◆ **Requirement**
The answer must be only the lines below from the one holding "Laptop screen showing" down to the one holding "[فساتين الشيفون للنساء", ends included, printed exactly; please omit all pictures.

◆ **Data for this task**
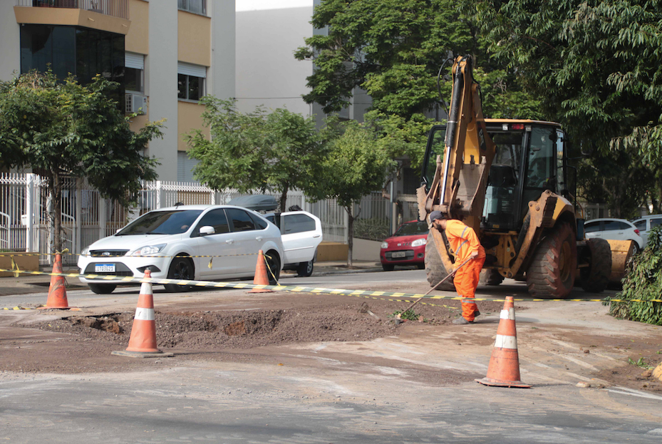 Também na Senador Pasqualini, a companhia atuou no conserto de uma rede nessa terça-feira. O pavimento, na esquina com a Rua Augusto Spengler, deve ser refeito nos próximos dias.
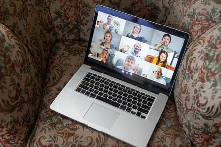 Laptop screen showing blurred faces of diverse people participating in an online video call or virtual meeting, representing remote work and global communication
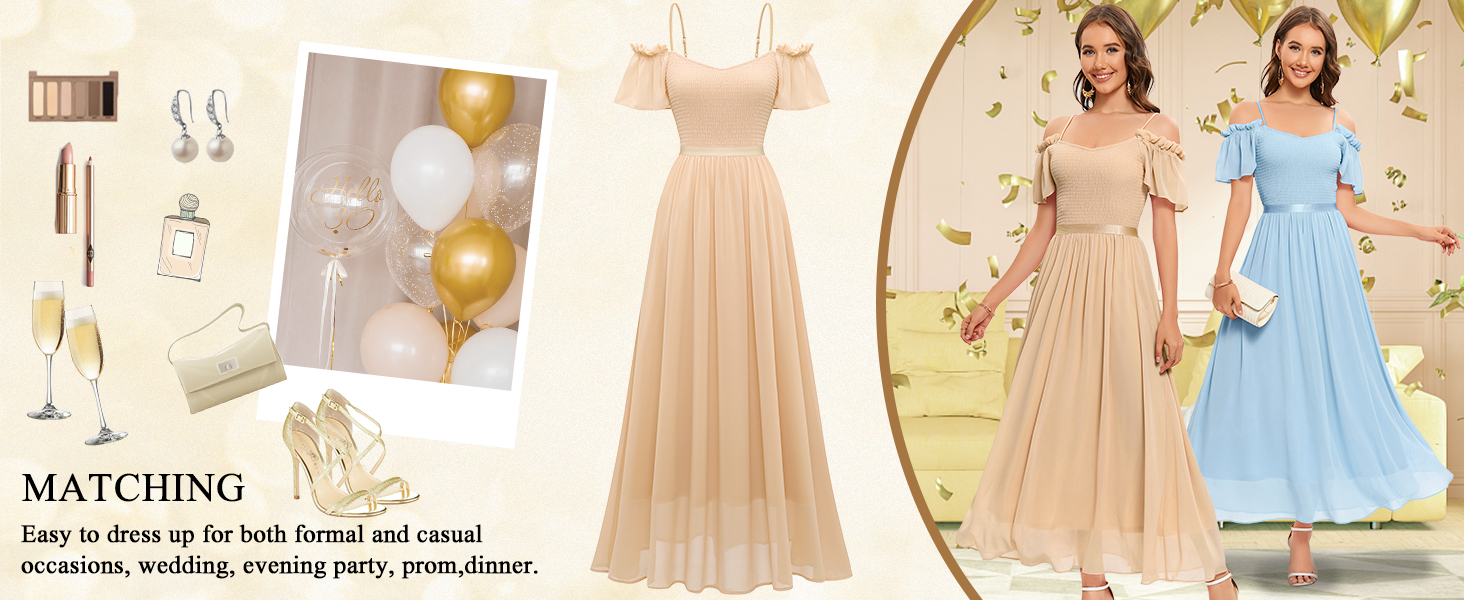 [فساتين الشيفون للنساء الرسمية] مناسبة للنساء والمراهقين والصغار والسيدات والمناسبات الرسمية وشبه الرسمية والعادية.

* * *

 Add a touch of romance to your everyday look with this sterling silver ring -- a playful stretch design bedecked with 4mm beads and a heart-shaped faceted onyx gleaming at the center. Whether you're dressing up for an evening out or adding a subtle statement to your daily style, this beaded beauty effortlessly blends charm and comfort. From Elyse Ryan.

◆ **Result**
 Laptop screen showing blurred faces of diverse people participating in an online video call or virtual meeting, representing remote work and global communication
 [فساتين الشيفون للنساء الرسمية] مناسبة للنساء والمراهقين والصغار والسيدات والمناسبات الرسمية وشبه الرسمية والعادية.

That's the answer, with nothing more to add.